Hanging on the studio’s wall is a picture of her four sons. Kirby says two of them have left the area for Austin, Texas, where it’s more affordable. She and her husband are considering moving too because of the taxes.
“I mean it takes both of us to work full time for our house and all the expenses. Life's expensive. If you can't afford to live here or San Francisco or Paris or New York, you don't live there. And sometimes people might have to move to a less expensive area,” Kirby says.
Kirby says she plans to vote no on H because paying another property tax is overwhelming. Becky Steinbruner stands and nods beside her. She’s also with the No on H campaign.
“It's at the point where people cannot afford to stay here because of the taxes,” Steinbruner says.
According to the Santa Cruz County assessor, the increase in property tax is estimated to be about $55 a year for the average property owner. The bond would take about 35 years to pay off.
Steinbruner owns a home in Aptos Hills. Her property tax bill already includes four other bonds previously approved by voters. Those include two for the Pajaro Valley Unified School District and two for Cabrillo Community College.
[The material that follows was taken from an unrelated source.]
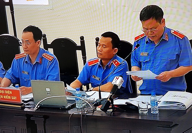 Đại diện Viện Kiểm sát đọc bản luận tội các bị cáo.

One of the Cabrillo bonds dates back to 1998.
“We are very fortunate to own our property, but the property taxes make it a challenge to stay there on top of maintaining it all,” Steinbruner says.
As California’s housing situation worsens, an increasing number of communities are turning to solutions like Measure H. The city of Los Angeles, Santa Clara County and Alameda County passed similar affordable housing bonds in 2016.
The Non-Profit Housing Association of Northern California, or NPH, advocates for these measures. According to the organization, Berkeley, San Jose and Santa Rosa voters will also consider affordable housing bond measures this November.
Alina Harway lives in Santa Cruz County and works for NPH.
“If we don't do something now to keep Santa Cruz County affordable, we're going to lose so much. This should be a place where working families can raise their families. This should be a place where our teachers don't have to drive an hour to get to the schools,” Harway says.
If Measure H passes, bond proceeds would be deposited into a special account created by the county. An independent citizens’ oversight committee and an external auditor would review an annual report on the spending.
Measure H needs a two-thirds majority vote to pass. Election day is November 6.